> **Entries shown**:
┌──

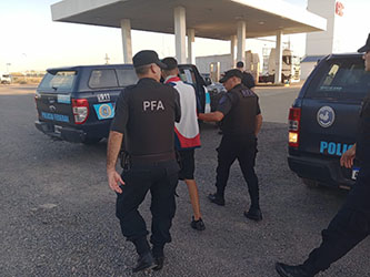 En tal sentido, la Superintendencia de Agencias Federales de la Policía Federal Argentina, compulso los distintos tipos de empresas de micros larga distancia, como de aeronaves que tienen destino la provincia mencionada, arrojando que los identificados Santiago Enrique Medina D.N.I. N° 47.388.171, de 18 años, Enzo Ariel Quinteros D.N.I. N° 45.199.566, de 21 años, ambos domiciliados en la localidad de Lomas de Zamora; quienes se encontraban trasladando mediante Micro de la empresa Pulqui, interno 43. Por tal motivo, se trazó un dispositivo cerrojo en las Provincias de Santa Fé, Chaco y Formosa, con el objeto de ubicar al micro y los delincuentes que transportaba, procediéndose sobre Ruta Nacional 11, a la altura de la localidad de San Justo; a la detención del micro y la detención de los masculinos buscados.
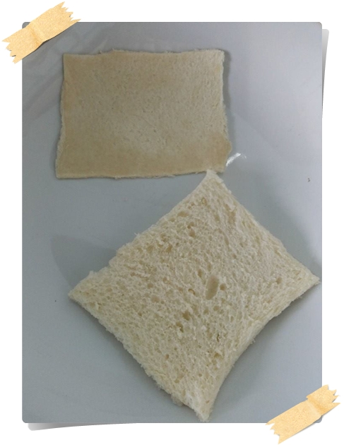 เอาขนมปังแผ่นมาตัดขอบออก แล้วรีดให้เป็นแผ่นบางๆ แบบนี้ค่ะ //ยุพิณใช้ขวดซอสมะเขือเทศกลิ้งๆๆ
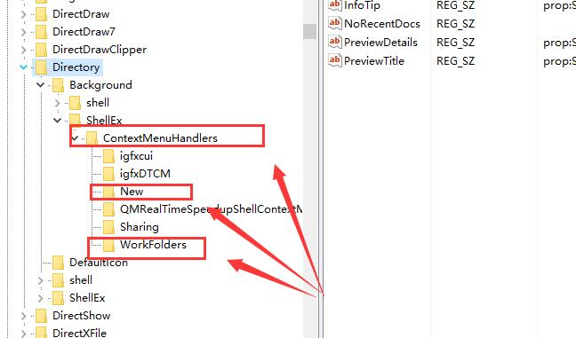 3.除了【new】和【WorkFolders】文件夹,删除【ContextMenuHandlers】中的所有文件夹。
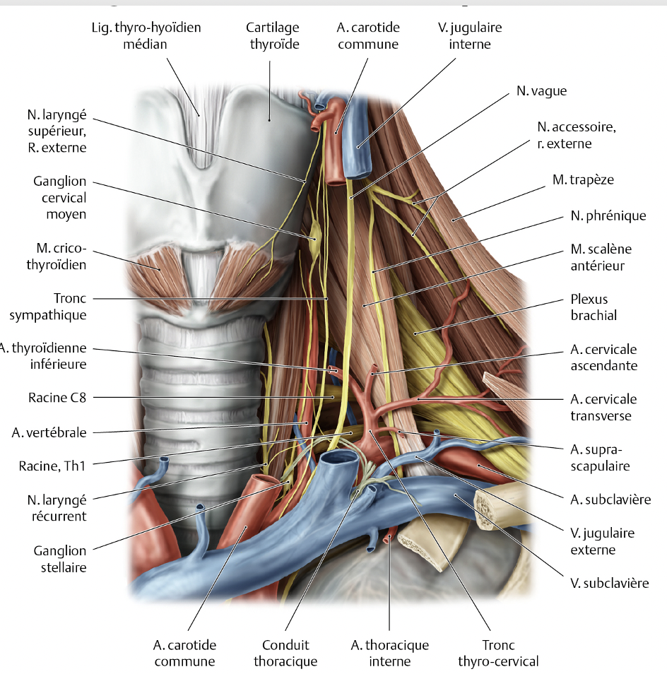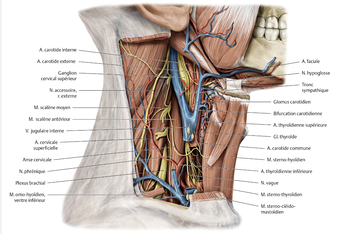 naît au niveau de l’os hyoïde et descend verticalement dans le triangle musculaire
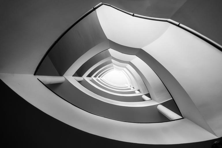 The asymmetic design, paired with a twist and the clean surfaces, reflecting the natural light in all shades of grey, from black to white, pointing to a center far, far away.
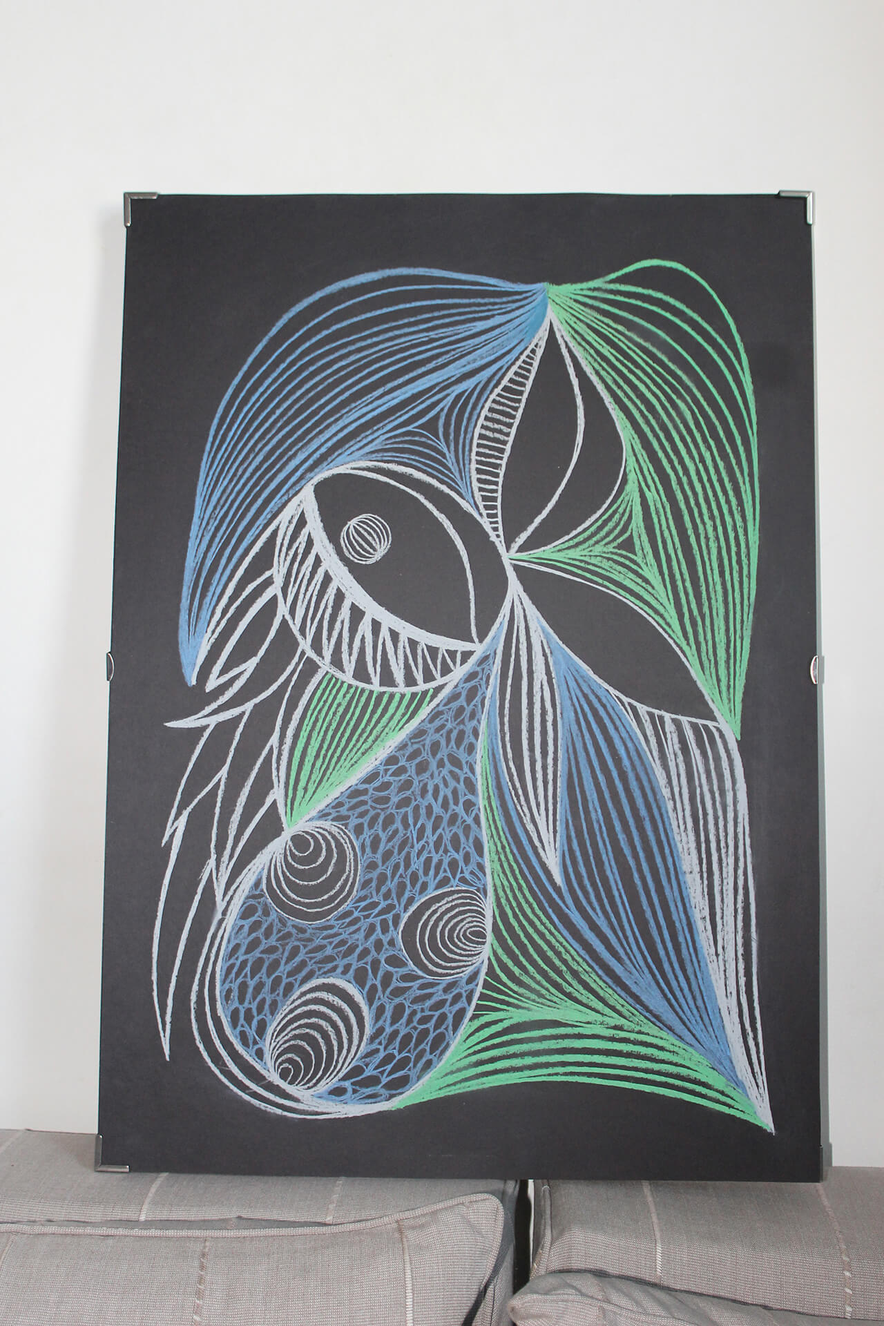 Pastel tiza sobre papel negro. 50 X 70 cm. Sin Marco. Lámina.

└──
┌──

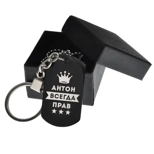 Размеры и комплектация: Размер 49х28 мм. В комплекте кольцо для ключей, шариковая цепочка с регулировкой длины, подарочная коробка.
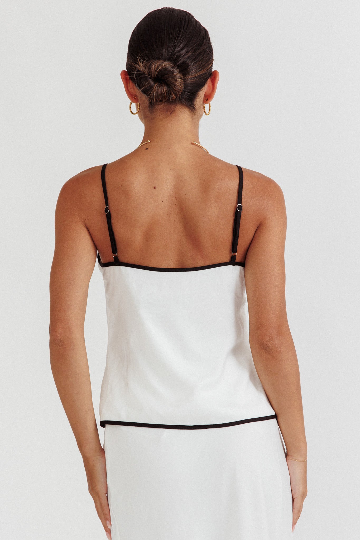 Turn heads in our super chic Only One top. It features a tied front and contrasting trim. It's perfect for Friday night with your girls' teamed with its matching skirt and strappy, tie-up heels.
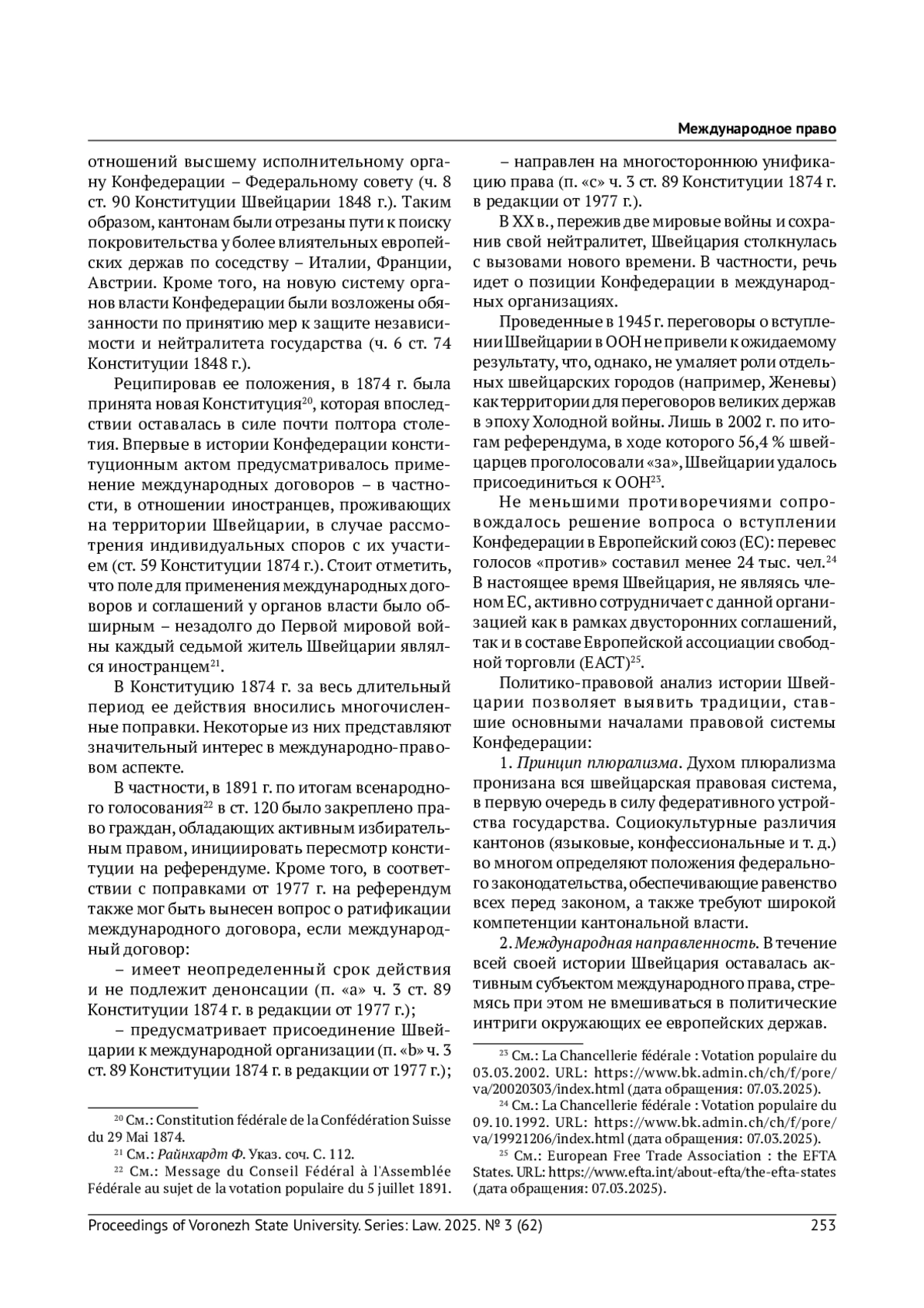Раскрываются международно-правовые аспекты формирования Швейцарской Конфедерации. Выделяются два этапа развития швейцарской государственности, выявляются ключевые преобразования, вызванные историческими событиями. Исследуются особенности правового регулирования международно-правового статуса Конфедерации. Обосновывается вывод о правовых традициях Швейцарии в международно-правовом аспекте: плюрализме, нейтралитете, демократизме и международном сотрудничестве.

└──

> **Task prompt**: Please set down, exactly and with no pictures, the lines in the entries above starting at the one holding "En tal sentido, la" and ending at the one holding "Pastel tiza sobre", ends included.

> **Your response**:
 En tal sentido, la Superintendencia de Agencias Federales de la Policía Federal Argentina, compulso los distintos tipos de empresas de micros larga distancia, como de aeronaves que tienen destino la provincia mencionada, arrojando que los identificados Santiago Enrique Medina D.N.I. N° 47.388.171, de 18 años, Enzo Ariel Quinteros D.N.I. N° 45.199.566, de 21 años, ambos domiciliados en la localidad de Lomas de Zamora; quienes se encontraban trasladando mediante Micro de la empresa Pulqui, interno 43. Por tal motivo, se trazó un dispositivo cerrojo en las Provincias de Santa Fé, Chaco y Formosa, con el objeto de ubicar al micro y los delincuentes que transportaba, procediéndose sobre Ruta Nacional 11, a la altura de la localidad de San Justo; a la detención del micro y la detención de los masculinos buscados.
 เอาขนมปังแผ่นมาตัดขอบออก แล้วรีดให้เป็นแผ่นบางๆ แบบนี้ค่ะ //ยุพิณใช้ขวดซอสมะเขือเทศกลิ้งๆๆ
 3.除了【new】和【WorkFolders】文件夹,删除【ContextMenuHandlers】中的所有文件夹。
 naît au niveau de l’os hyoïde et descend verticalement dans le triangle musculaire
 The asymmetic design, paired with a twist and the clean surfaces, reflecting the natural light in all shades of grey, from black to white, pointing to a center far, far away.
 Pastel tiza sobre papel negro. 50 X 70 cm. Sin Marco. Lámina.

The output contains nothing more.